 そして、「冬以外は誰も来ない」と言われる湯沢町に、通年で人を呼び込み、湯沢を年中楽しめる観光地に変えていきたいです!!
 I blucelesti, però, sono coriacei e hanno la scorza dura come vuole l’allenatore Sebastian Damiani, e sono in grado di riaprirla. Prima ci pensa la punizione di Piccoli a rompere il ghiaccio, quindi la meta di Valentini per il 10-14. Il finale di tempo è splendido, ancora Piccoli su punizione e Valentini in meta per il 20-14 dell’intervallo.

* * *

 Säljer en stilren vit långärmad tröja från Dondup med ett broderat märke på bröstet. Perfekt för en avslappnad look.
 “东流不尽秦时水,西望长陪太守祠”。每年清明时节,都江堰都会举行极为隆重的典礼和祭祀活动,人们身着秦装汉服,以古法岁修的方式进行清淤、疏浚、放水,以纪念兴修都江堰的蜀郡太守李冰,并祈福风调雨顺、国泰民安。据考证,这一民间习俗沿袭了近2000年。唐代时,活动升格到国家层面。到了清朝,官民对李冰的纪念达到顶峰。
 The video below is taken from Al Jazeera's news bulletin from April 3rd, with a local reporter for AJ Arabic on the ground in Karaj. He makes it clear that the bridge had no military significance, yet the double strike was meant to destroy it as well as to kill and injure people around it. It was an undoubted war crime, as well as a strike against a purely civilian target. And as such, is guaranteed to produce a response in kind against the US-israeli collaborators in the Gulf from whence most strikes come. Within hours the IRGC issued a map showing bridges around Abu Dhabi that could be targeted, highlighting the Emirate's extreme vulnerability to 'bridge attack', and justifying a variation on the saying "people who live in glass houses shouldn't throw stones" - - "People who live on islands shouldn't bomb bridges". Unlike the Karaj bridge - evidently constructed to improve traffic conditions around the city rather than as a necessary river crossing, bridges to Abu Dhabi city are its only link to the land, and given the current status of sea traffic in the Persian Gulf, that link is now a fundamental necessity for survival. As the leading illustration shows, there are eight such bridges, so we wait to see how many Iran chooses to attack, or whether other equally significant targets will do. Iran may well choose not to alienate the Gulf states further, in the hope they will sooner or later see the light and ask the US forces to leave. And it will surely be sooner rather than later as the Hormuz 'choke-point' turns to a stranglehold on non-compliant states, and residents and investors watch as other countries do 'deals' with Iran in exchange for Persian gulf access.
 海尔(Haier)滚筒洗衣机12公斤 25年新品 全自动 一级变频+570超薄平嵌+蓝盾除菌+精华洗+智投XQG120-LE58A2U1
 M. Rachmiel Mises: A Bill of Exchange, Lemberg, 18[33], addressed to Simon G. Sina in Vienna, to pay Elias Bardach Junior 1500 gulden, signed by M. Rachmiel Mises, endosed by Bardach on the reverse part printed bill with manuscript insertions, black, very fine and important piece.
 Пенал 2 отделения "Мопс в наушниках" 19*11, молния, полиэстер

Assignment: Please, from the material above, copy only the lines from the line with "そして、「冬以外は誰も来ない" up to and including the line with "I blucelesti, però, sono", exactly as written.

Answer for the task:
 そして、「冬以外は誰も来ない」と言われる湯沢町に、通年で人を呼び込み、湯沢を年中楽しめる観光地に変えていきたいです!!
 I blucelesti, però, sono coriacei e hanno la scorza dura come vuole l’allenatore Sebastian Damiani, e sono in grado di riaprirla. Prima ci pensa la punizione di Piccoli a rompere il ghiaccio, quindi la meta di Valentini per il 10-14. Il finale di tempo è splendido, ancora Piccoli su punizione e Valentini in meta per il 20-14 dell’intervallo.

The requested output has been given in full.